(WORK INSTRUCTIONS): Each line of the data below between the one containing "중앙선거관리위원회 재외선거 인터넷 신고·등록신청 시스템" and the one containing "Когда вы не", both included, is to be repeated exactly. Please omit pictures.

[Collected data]
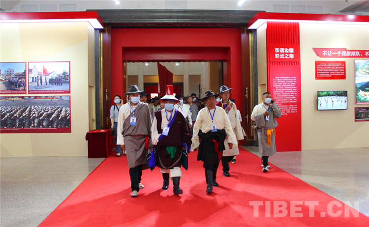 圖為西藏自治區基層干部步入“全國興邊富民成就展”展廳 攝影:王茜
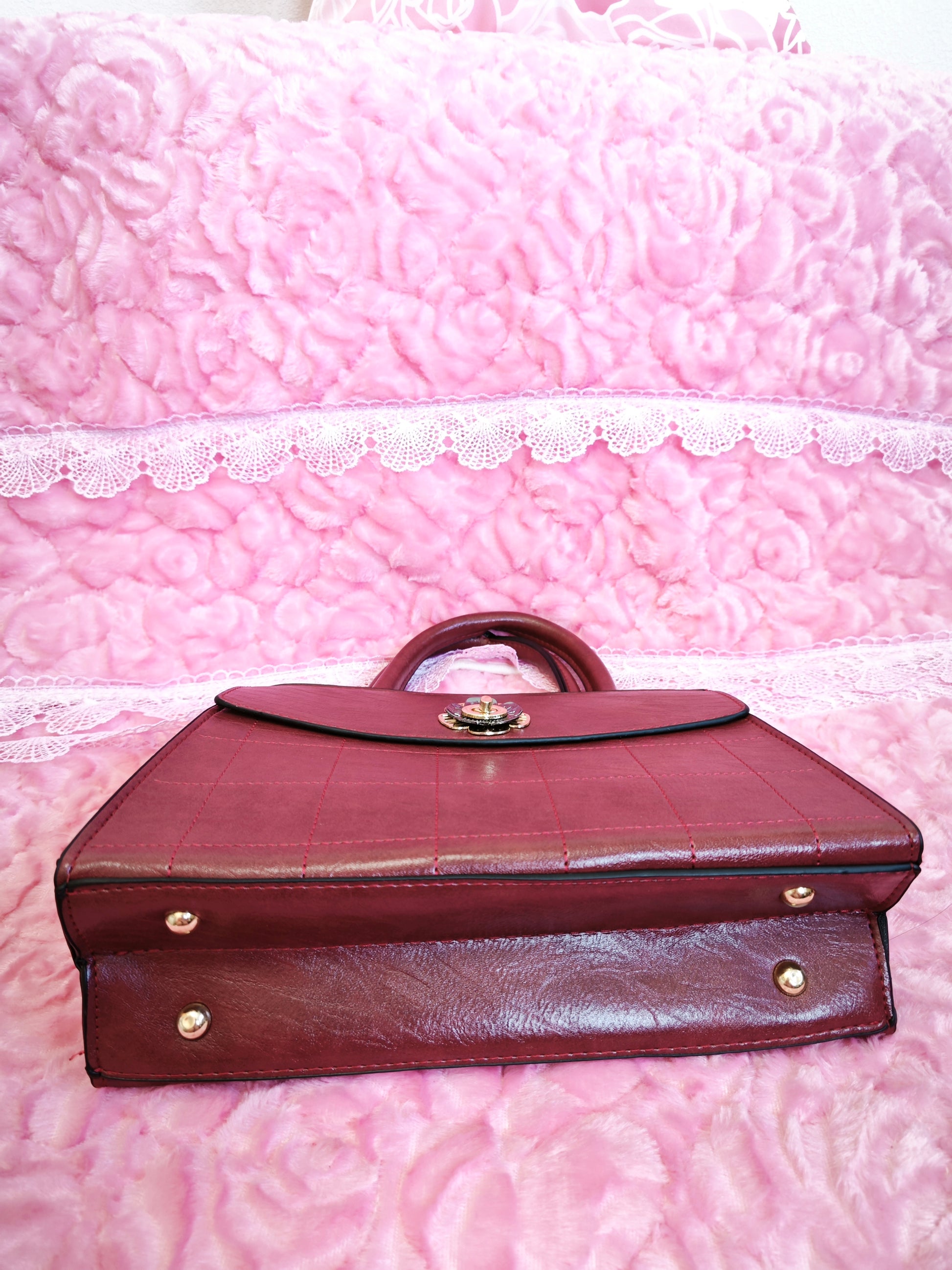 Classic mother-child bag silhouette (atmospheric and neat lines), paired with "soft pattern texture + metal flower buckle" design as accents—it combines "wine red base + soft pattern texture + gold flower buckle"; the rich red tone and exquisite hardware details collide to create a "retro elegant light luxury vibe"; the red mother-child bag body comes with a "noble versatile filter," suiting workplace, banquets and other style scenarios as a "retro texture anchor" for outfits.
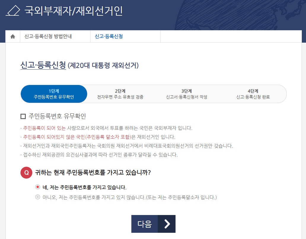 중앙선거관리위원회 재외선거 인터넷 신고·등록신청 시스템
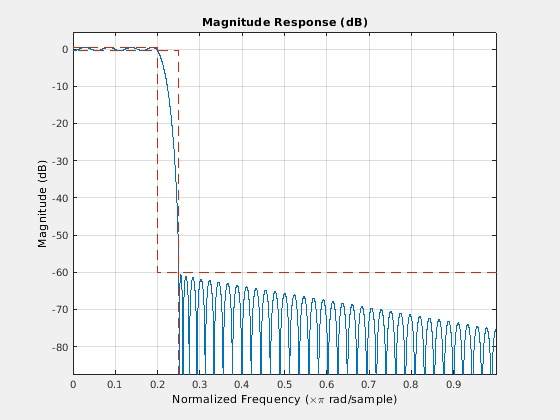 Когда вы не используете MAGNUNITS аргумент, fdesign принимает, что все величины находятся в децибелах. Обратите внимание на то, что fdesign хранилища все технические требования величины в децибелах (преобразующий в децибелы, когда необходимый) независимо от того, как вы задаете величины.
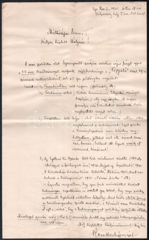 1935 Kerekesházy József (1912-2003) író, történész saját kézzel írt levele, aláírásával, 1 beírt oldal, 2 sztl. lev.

(REPLY TO THE TASK):
 중앙선거관리위원회 재외선거 인터넷 신고·등록신청 시스템
 Когда вы не используете MAGNUNITS аргумент, fdesign принимает, что все величины находятся в децибелах. Обратите внимание на то, что fdesign хранилища все технические требования величины в децибелах (преобразующий в децибелы, когда необходимый) независимо от того, как вы задаете величины.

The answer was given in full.